Saining Xie@sainingxie · 6月17日So this is not a benchmark for software engineering agents. It’s meant to test core reasoning and intelligence through coding—backed by 71 pages of deep analysis from some of the best competitive programmers out there.
This effort was carried out by students across multiple institutions (I’m mostly just a cheerleader here!) It was led by @ZihanZheng71803 (an undergrad who represented NYU in the ICPC World Finals), @wenhaocha1, and many of their Olympiad medalist friends. They built the live benchmark and offered expert analysis of how elite human coders compare to top LLMs. The results are now public: on the hard problems, LLMs essentially score 0%. They're good at implementation-heavy tasks that rely on memorization, but still struggle badly with observation-heavy or logic-heavy problems—those where the implementation is easy once you’ve had the critical "aha" insight. They also struggle with detail-oriented tasks—often getting the basics right but failing to account for edge cases.

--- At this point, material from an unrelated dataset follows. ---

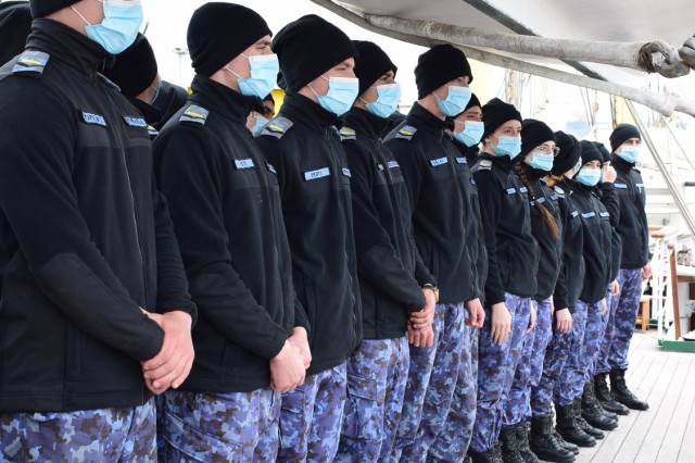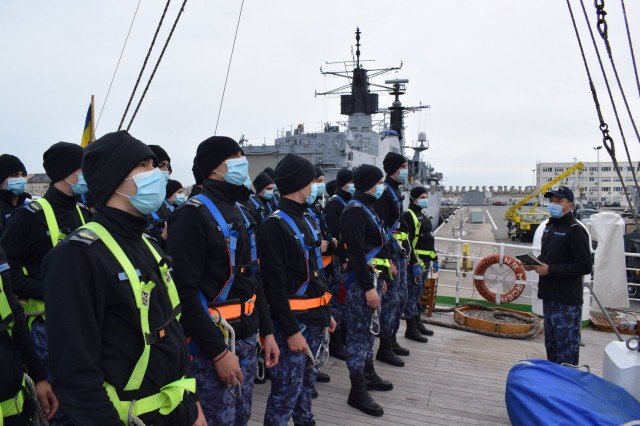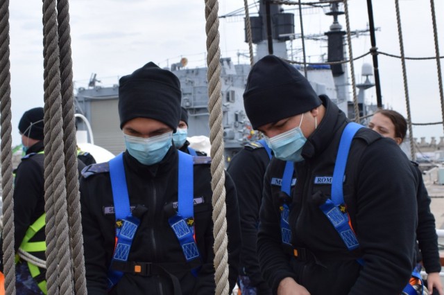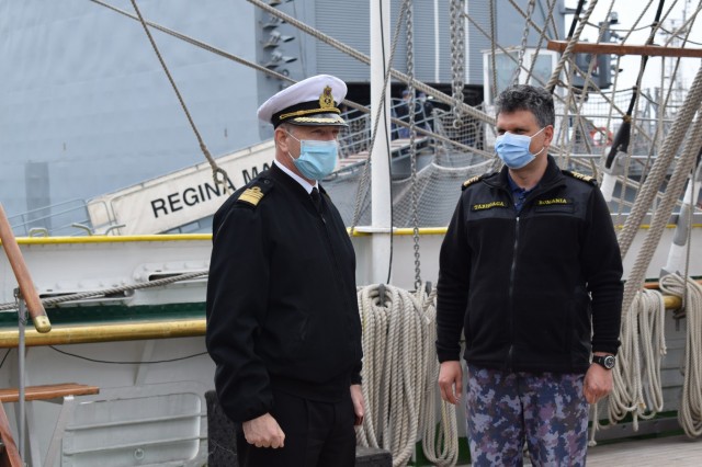La coborârea din arboradă, la finalul antrenamentelor de astăzi, la puntea centru, pe elevii militari i-a așteptat comandantul Școlii Militare de Maiștri Militari a Forțelor Navale, comandorul Nicu Chirea. Acesta a dorit să îi asigure pe elevi de considerația și admirația sa pentru modul în care și-au desfășurat activitatea la bric în ultima săptămână, dar și să le facă tradiționalele urări marinărești pentru plecarea în marș.

Some more thoughts on why this benchmark matters: I’ve always been surrounded by top competitive programmers. My undergrad program at SJTU is renowned for ICPC success and primarily admits students with a strong high school competitive programming background. While I’ve never won an olympiad medal myself, I deeply admire my peers who did—friends who trained for years as teens and competed at the highest international levels. One of them is my classmate and key collaborator on this project, Prof @shangjingbo, who earned ICPC world final gold for SJTU. For us, competitive programming was the ultimate badge of intelligence for CS students. Competitive programming emphasizes reasoning and problem solving under pressure, which differs from standard software engineering—but the skills carry over surprisingly well. That’s why so many startups love to show off their IOI gold medalists!
Beating this benchmark would be like AlphaGo beating Lee Sedol. We're not at that level yet—not even for problems with clearly verifiable outcomes. And if you care about fundamental intelligence and reasoning, this result might be worth a close look.
译所以这不是一个针对软件工程智能体的基准测试。它旨在通过编程测试核心推理与智能——由一些顶尖竞技程序员撰写的 71 页深度分析作为支撑。